Data shown =>
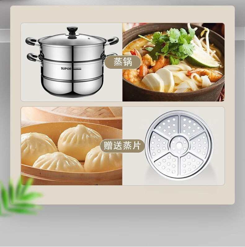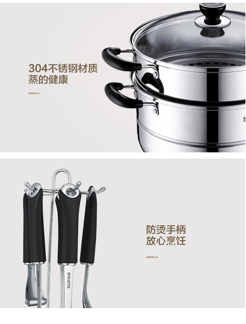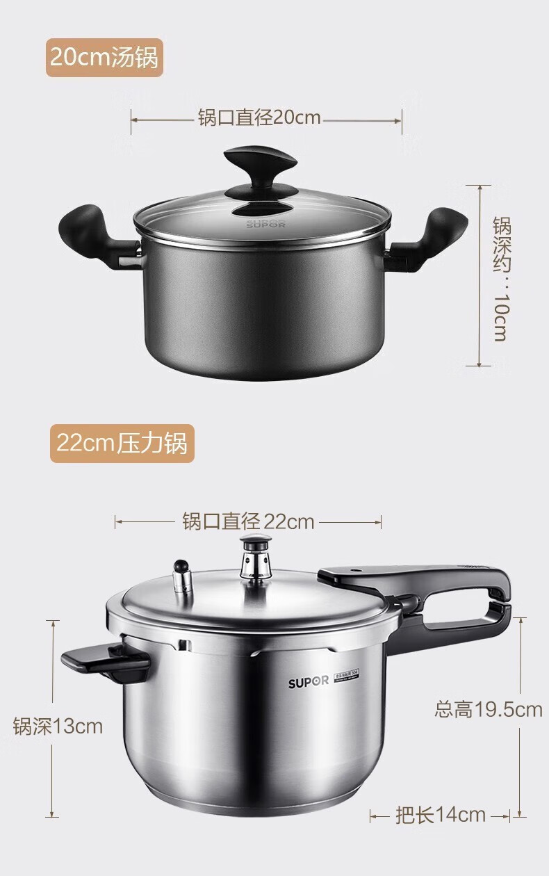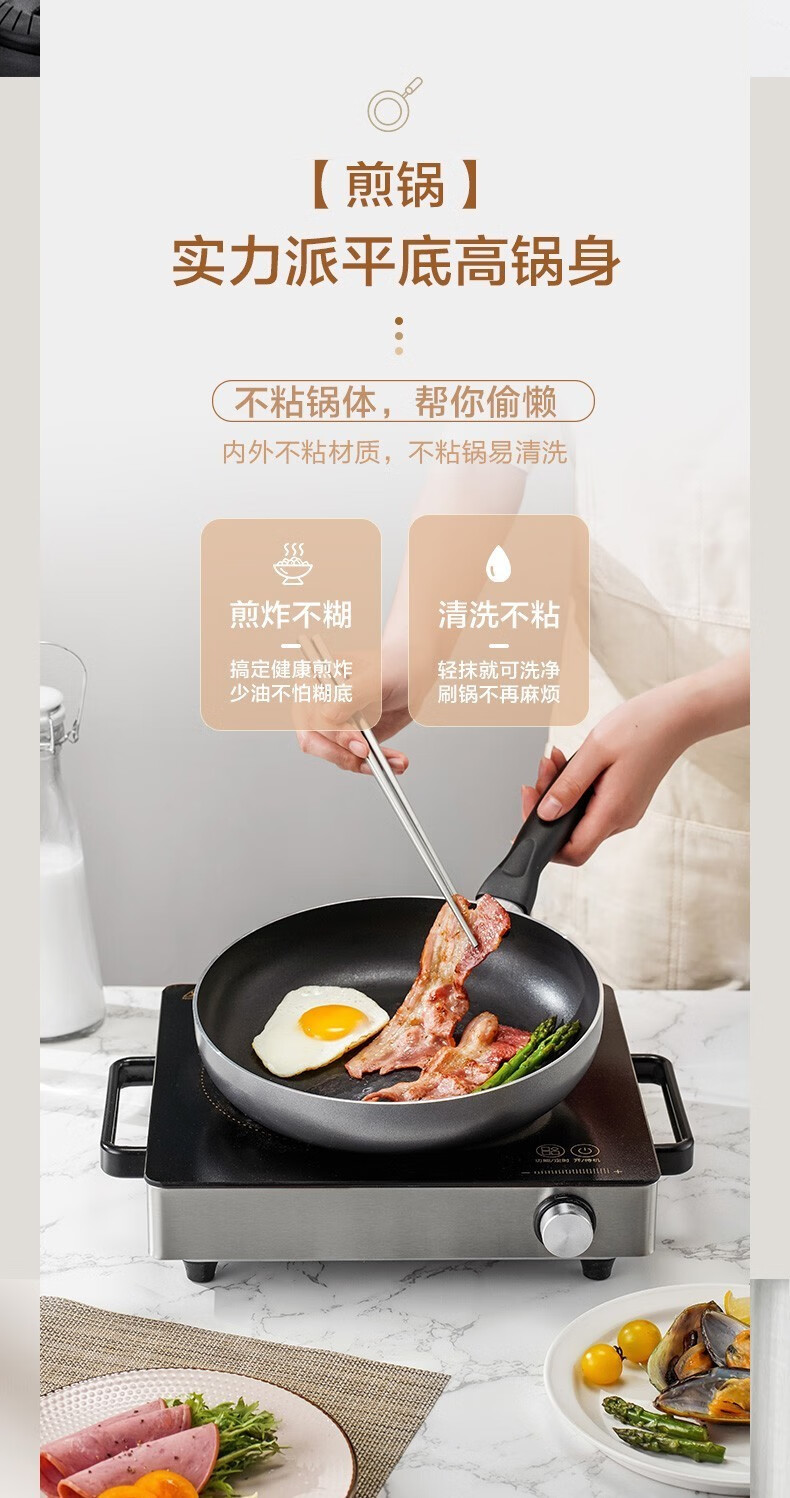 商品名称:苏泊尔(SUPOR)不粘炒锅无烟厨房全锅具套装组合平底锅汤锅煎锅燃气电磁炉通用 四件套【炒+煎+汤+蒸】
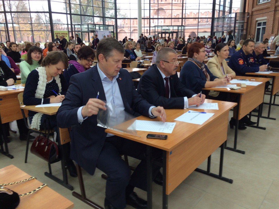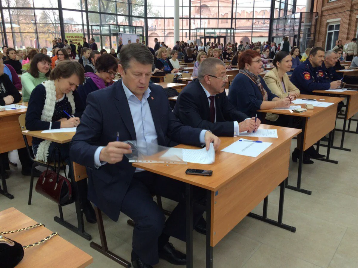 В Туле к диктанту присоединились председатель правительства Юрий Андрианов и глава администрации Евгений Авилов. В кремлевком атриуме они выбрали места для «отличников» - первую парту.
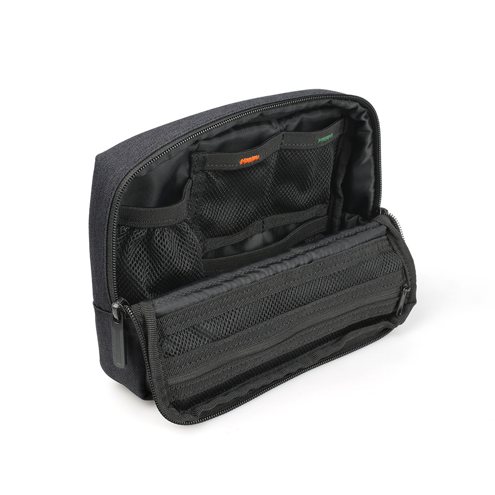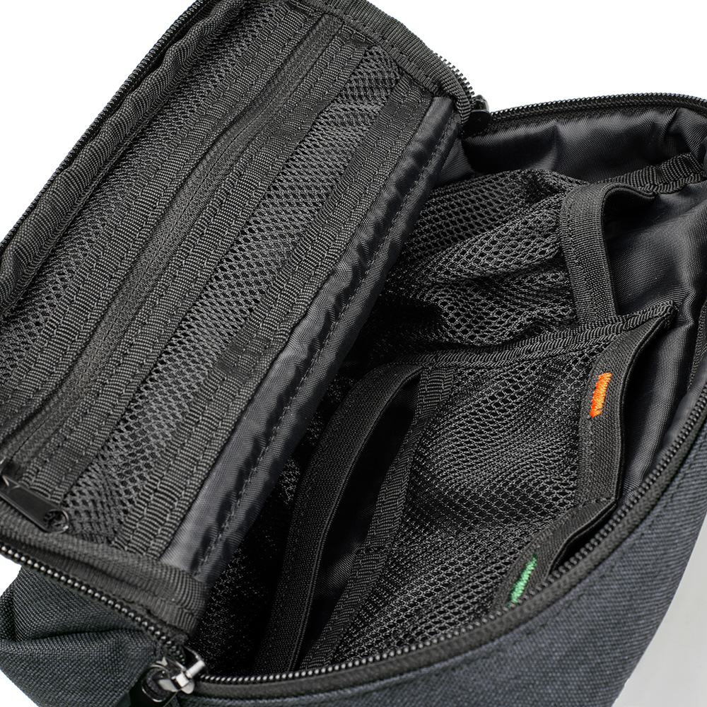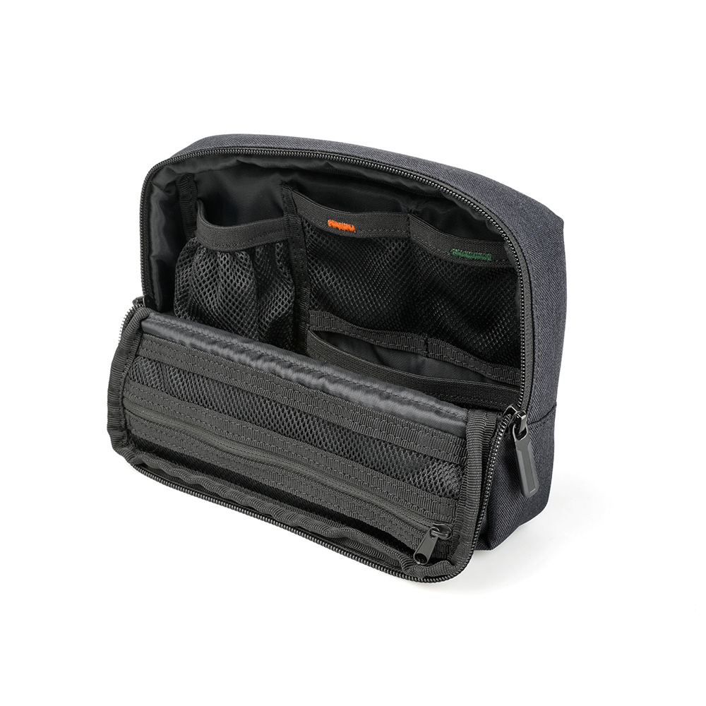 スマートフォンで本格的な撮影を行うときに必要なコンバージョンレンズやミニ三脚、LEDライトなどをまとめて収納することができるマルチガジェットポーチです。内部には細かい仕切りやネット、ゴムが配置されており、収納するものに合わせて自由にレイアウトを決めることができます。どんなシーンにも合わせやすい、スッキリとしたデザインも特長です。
--
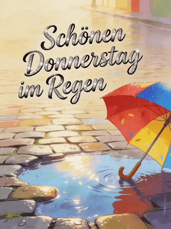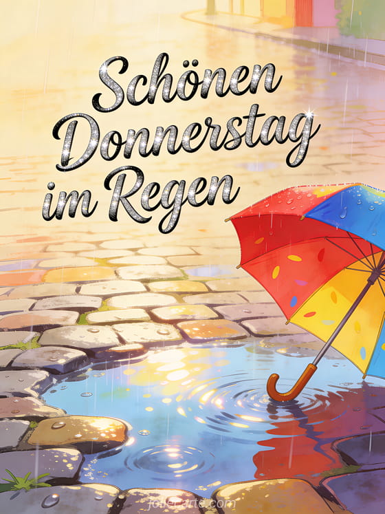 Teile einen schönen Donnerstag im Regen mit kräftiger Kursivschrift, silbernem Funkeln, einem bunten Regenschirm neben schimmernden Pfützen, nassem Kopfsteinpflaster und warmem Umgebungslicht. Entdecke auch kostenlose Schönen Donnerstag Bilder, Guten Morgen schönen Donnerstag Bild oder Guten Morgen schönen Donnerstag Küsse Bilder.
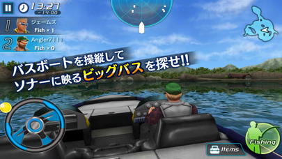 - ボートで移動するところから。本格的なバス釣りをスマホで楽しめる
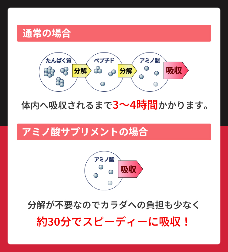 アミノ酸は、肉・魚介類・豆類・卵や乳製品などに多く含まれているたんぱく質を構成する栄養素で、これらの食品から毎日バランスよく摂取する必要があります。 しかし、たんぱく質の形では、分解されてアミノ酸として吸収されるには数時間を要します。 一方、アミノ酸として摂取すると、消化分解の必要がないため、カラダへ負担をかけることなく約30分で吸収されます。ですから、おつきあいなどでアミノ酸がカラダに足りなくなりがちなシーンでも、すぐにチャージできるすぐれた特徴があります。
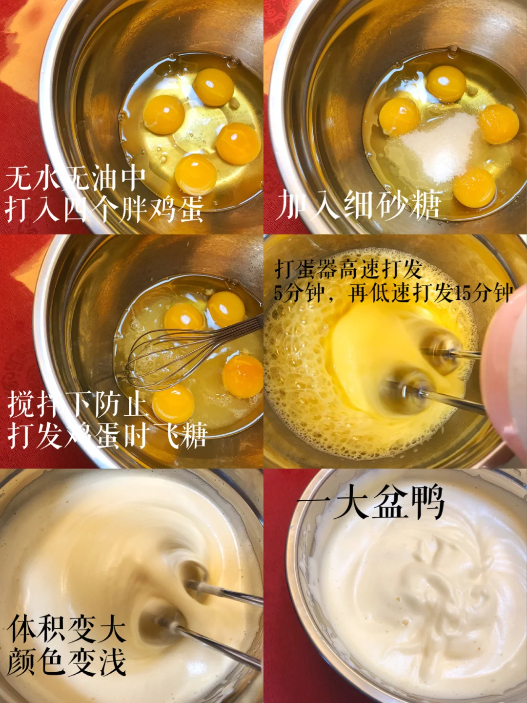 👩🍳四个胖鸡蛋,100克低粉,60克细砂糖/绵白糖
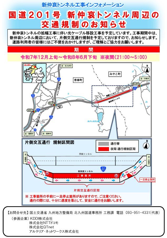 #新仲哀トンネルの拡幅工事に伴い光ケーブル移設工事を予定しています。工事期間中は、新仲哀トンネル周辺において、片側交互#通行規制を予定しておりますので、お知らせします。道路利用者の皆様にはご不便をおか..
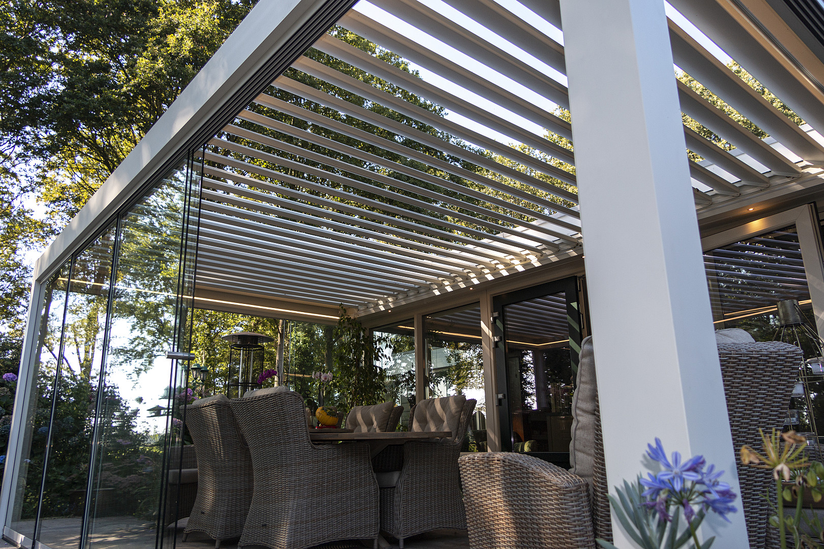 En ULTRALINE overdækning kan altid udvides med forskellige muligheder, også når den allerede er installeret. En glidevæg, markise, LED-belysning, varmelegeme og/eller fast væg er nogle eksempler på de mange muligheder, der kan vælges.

Problem =>
With the pictures omitted, copy the entries above exactly from the line containing "商品名称:苏泊尔(SUPOR" through the line containing "スマートフォンで本格的な撮影", both lines included.

Expected answer =>
 商品名称:苏泊尔(SUPOR)不粘炒锅无烟厨房全锅具套装组合平底锅汤锅煎锅燃气电磁炉通用 四件套【炒+煎+汤+蒸】
 В Туле к диктанту присоединились председатель правительства Юрий Андрианов и глава администрации Евгений Авилов. В кремлевком атриуме они выбрали места для «отличников» - первую парту.
 スマートフォンで本格的な撮影を行うときに必要なコンバージョンレンズやミニ三脚、LEDライトなどをまとめて収納することができるマルチガジェットポーチです。内部には細かい仕切りやネット、ゴムが配置されており、収納するものに合わせて自由にレイアウトを決めることができます。どんなシーンにも合わせやすい、スッキリとしたデザインも特長です。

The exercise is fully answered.